Extracted information START

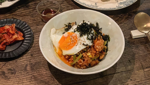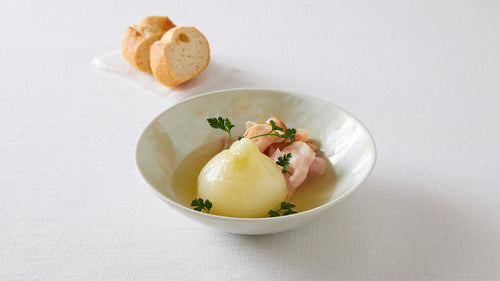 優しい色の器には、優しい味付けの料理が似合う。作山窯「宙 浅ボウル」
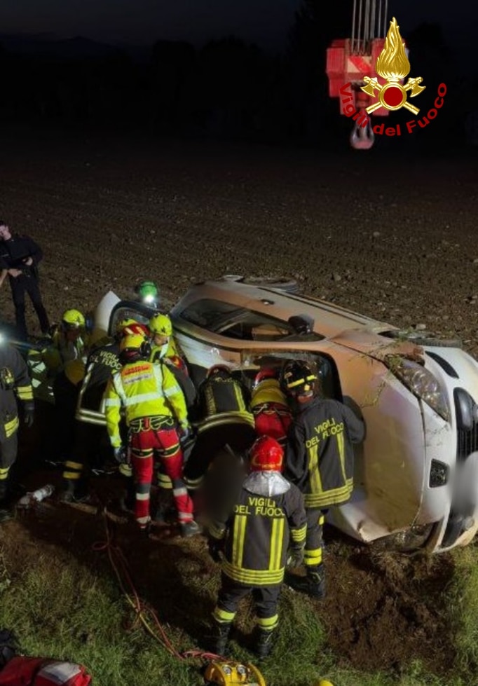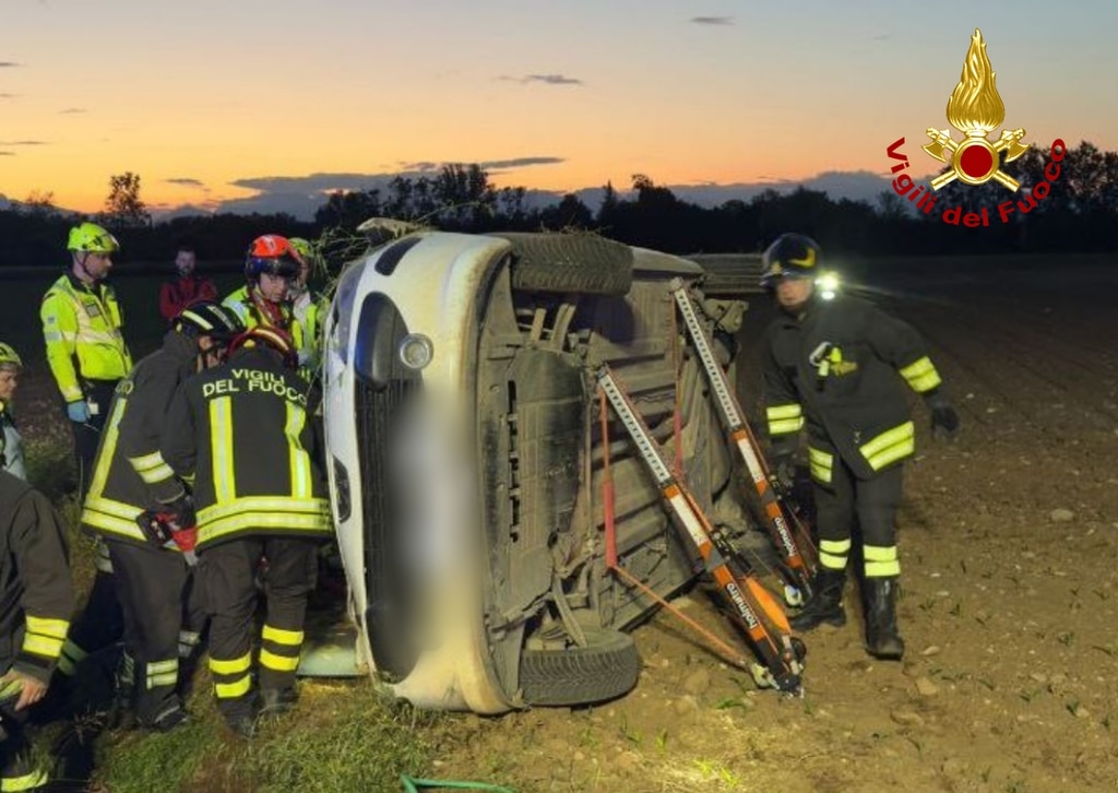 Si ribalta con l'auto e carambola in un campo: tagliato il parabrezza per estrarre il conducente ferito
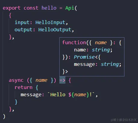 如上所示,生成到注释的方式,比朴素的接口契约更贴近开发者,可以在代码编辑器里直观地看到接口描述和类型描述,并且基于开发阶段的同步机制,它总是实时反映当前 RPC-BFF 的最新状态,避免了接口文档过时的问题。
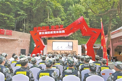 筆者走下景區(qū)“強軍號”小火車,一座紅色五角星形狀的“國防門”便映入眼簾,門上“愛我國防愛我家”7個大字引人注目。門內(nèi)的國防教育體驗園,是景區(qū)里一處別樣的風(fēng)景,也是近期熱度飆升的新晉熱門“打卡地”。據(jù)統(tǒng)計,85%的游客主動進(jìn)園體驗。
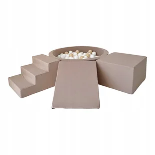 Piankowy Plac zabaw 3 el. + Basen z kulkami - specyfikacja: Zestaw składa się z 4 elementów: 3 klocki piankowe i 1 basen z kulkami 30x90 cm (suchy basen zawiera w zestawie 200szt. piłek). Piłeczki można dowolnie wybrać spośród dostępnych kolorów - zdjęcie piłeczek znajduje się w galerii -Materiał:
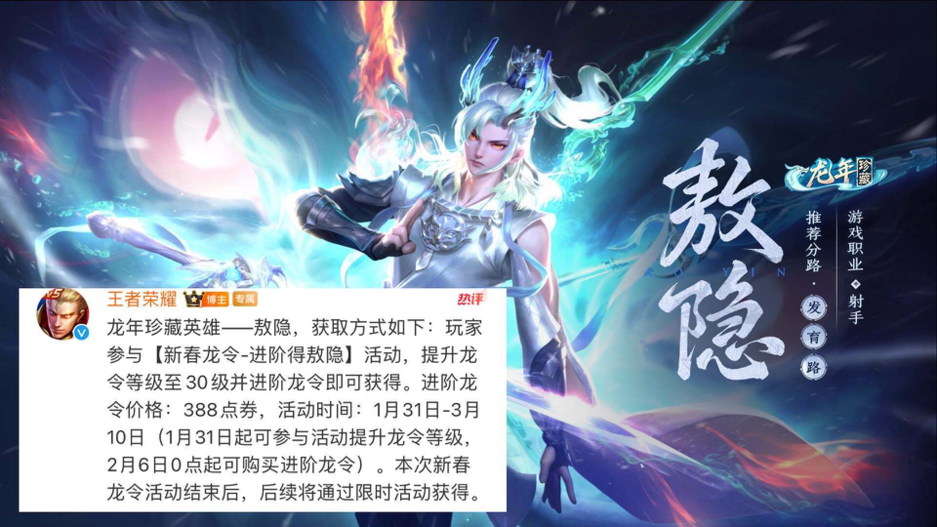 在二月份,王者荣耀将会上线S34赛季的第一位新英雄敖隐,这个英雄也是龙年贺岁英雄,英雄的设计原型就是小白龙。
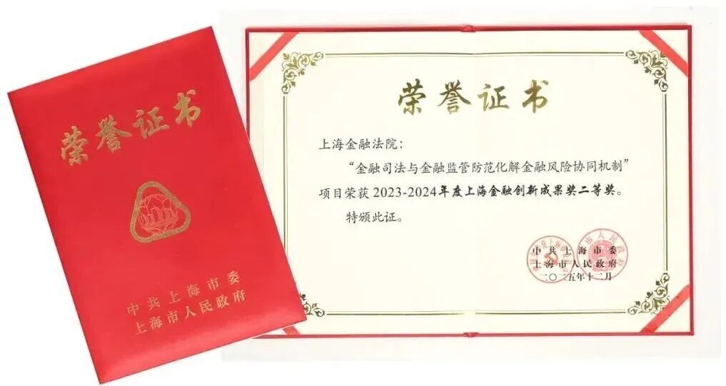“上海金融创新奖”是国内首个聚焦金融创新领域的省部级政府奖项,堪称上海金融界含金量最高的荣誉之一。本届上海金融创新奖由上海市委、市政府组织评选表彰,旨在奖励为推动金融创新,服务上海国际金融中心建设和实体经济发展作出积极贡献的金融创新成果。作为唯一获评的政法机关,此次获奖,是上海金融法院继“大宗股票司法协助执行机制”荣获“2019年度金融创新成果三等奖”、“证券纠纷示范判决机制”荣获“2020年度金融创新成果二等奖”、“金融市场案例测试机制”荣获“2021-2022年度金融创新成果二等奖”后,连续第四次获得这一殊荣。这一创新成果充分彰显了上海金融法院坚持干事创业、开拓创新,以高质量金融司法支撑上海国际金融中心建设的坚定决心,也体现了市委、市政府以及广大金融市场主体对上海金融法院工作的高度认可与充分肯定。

Extracted information END

From the line with "Piankowy Plac zabaw" down to the final line of the entries above, repeat each line exactly; omit the pictures.

▸ **Solution to the exercise**
 Piankowy Plac zabaw 3 el. + Basen z kulkami - specyfikacja: Zestaw składa się z 4 elementów: 3 klocki piankowe i 1 basen z kulkami 30x90 cm (suchy basen zawiera w zestawie 200szt. piłek). Piłeczki można dowolnie wybrać spośród dostępnych kolorów - zdjęcie piłeczek znajduje się w galerii -Materiał:
 在二月份,王者荣耀将会上线S34赛季的第一位新英雄敖隐,这个英雄也是龙年贺岁英雄,英雄的设计原型就是小白龙。
“上海金融创新奖”是国内首个聚焦金融创新领域的省部级政府奖项,堪称上海金融界含金量最高的荣誉之一。本届上海金融创新奖由上海市委、市政府组织评选表彰,旨在奖励为推动金融创新,服务上海国际金融中心建设和实体经济发展作出积极贡献的金融创新成果。作为唯一获评的政法机关,此次获奖,是上海金融法院继“大宗股票司法协助执行机制”荣获“2019年度金融创新成果三等奖”、“证券纠纷示范判决机制”荣获“2020年度金融创新成果二等奖”、“金融市场案例测试机制”荣获“2021-2022年度金融创新成果二等奖”后,连续第四次获得这一殊荣。这一创新成果充分彰显了上海金融法院坚持干事创业、开拓创新,以高质量金融司法支撑上海国际金融中心建设的坚定决心,也体现了市委、市政府以及广大金融市场主体对上海金融法院工作的高度认可与充分肯定。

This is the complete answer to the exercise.